Tech.Luver writes to tell us that Hitachi has developed a new visual search engine that can supposedly find similar images from within millions of video and picture data entries in around 1 second. "The technology assesses the similarity of images based on image characteristics presented as high-dimensional numeric information. The information is acquired by automatically detecting information regarding the images, such as color distribution and shapes."

5 of 166 comments (clear)

  1. Hmmm.... robotics? by fyngyrz · · Score: 5, Interesting

    This is interesting to me - if it performs well - because this is one of the key missing elements for robotics; robots have a lot of trouble trying to match the environment around them to stored records of objects unless the environment is severely constrained. I'm not speaking of AI here (or at least, not yet) but just robots that would be able to clean your floor, carry your groceries, navigate in a burning building, walk your dog, tend your lawn. If they can classify images against stored images well, we're that much closer to generally useful and at least semi-autonomous robot devices.

    Training might be a little annoying the first few times, but once you had a good database, you could replicate - or share via RF, that'd be freaky... neighbor's robot learns what a ferret looks like, now yours knows too - so that newer models were more and more informed right out of the box. Crate. Coffin. Whatever.

    Add an associative database so that images normally found near other images which have just been found are searched first, and perhaps you could get the general search time down from the quoted 1 second, I'm thinking. One second is kind of pokey for a lot of robotic applications. But if the thing is in a kitchen, why would it need to be looking to recognize images that are found in a shipyard?

    And I, for one, would welcome our semi-autonomous, environment recognizing, floor cleaning robot underlings.

    --
    I've fallen off your lawn, and I can't get up.
    1. Re:Hmmm.... robotics? by lawpoop · · Score: 4, Interesting

      I'm not speaking of AI here (or at least, not yet) but just robots that would be able to clean your floor, carry your groceries... Well, you are talking about AI here. It turns out that it's relatively easy to make a computer that can beat humans in chess or do complex math equations, but something as simple as walking with 6, 4, or two legs, which a lot of really stupid organisms do, is really difficult. Something like distinguishing 'indoors' from 'outdoors' or a cloud bank from the bushes, seems way in the future.

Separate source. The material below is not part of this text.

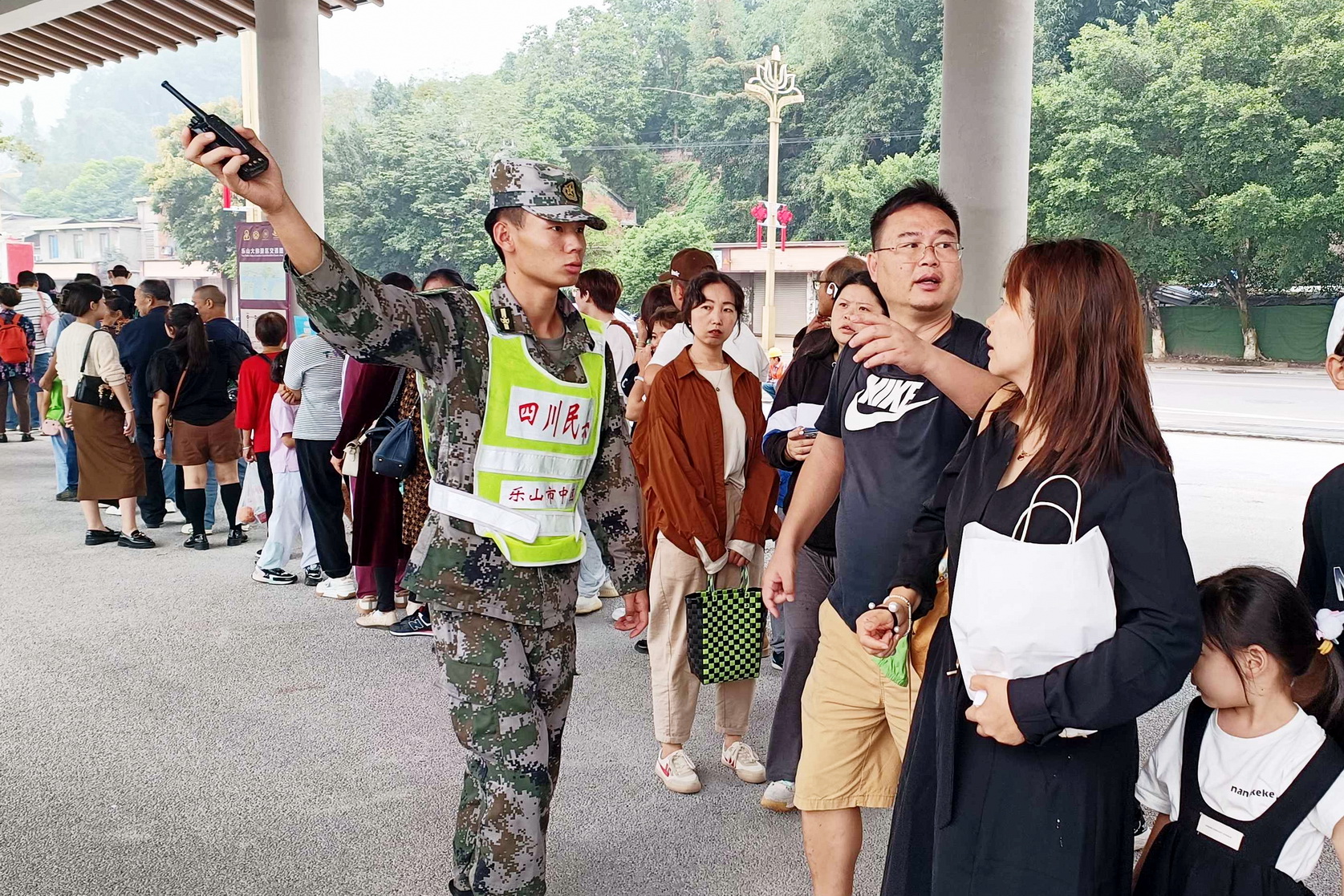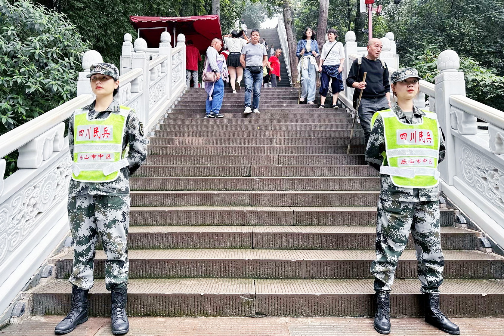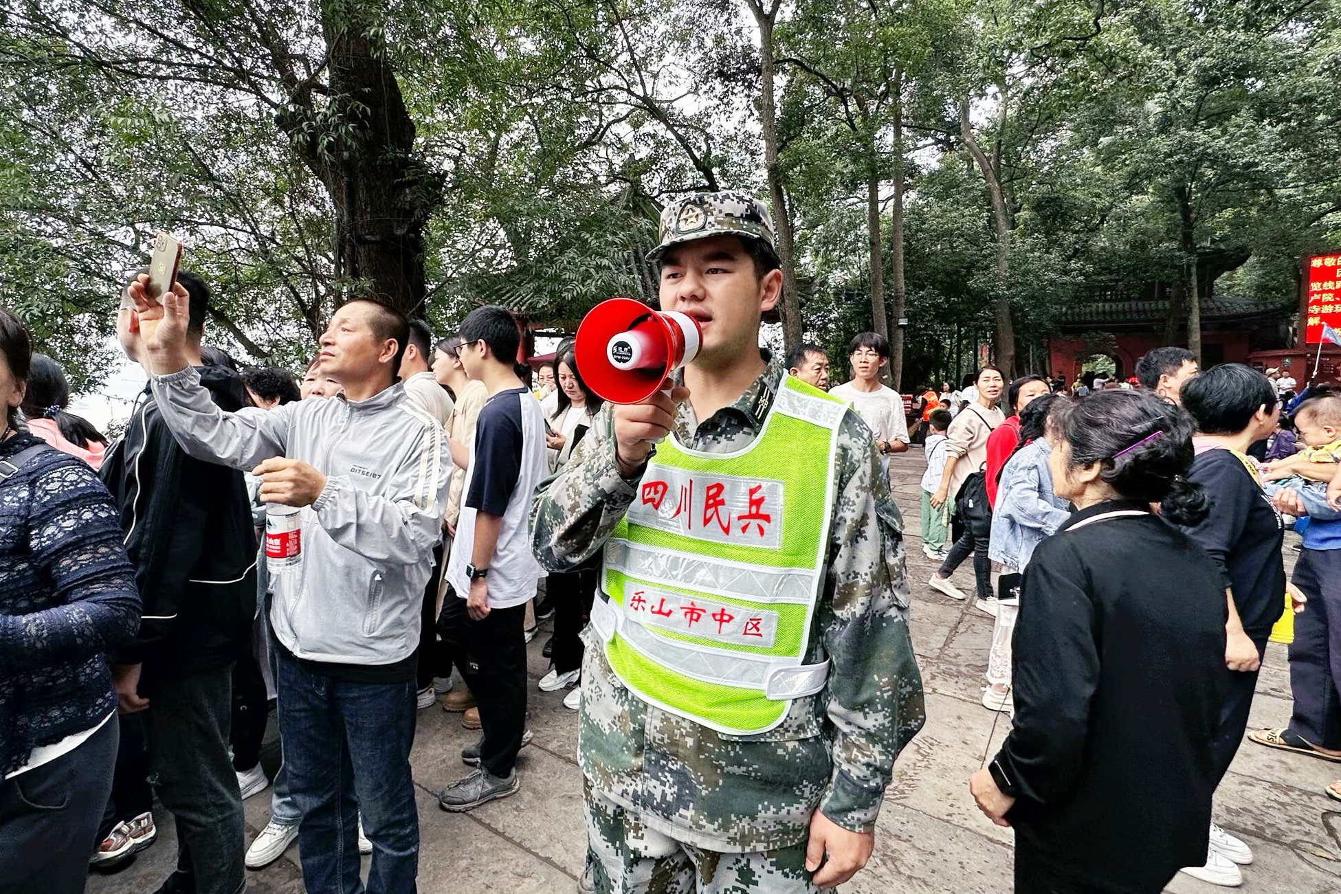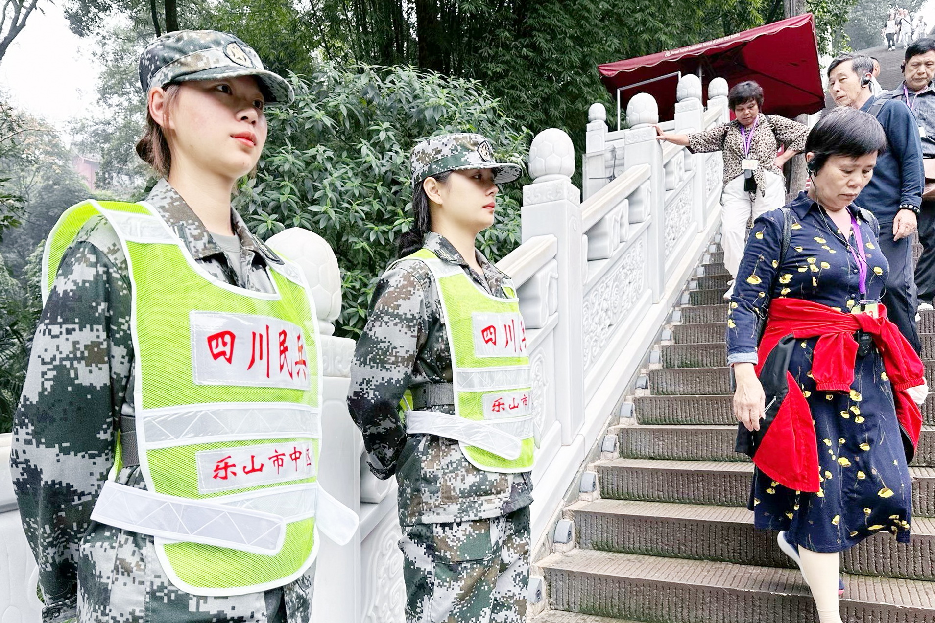 受乐山市中区武装部指派,beat365预备役民兵连51名民兵参加“国庆黄金周”大佛景区联合执勤,全力协助相关部门完成景区治安管控及其他综合勤务。

      My pet theory is that we don't have the right kind of device yet. A mind, the 'function' of an organic nervous system, is not a Turing machine. I don't really understand the math behind it, but Goedel's incompleteness theorem seems to show that a human mathematician can understand certain mathematical proofs that a Turing machine can never prove. Since all computers are a essentially a Turing machine, no matter how fast or parallelized they are, or how much memory they have, they will never be able to do what a human mind can do. So, maybe someday we will have artificial intelligence, or, a floor-washing robot, but we currently don't have the right kind of device that can do it.
      --
      Computers are useless. They can only give you answers.
      -- Pablo Picasso
    2. Re:Hmmm.... robotics? by mikael · · Score: 4, Interesting

      To implement a visual search engine you need to be able to perform the following:

      texture segmentation - splitting up a picture into segments of distinct objects. In a panoramic scene, you want to split the picture up into objects such as sky, ocean, waves, beach, boats, pier, wall, people, animals. As a psychological experiment, you can show someone a picture , point to a particular point and ask them what the first word that the associate with that point is. Then you will see how every scene becomes segmented by our own vision systems.

      Basic image segmentation is implemented using edge detection by Fourier Transforms (FFT, IFFT, DFT). This is a very computation intensive stage that is typically implemented using DSP's, GPU's or even dedicated ASIC's. Data used by the FFT can be in any dimension 1D (audio/radar), 2D (images) and 3D (volume visualisation). But to match the resolution of a human eye, you would need a 100 Megapixel floating point framebuffer.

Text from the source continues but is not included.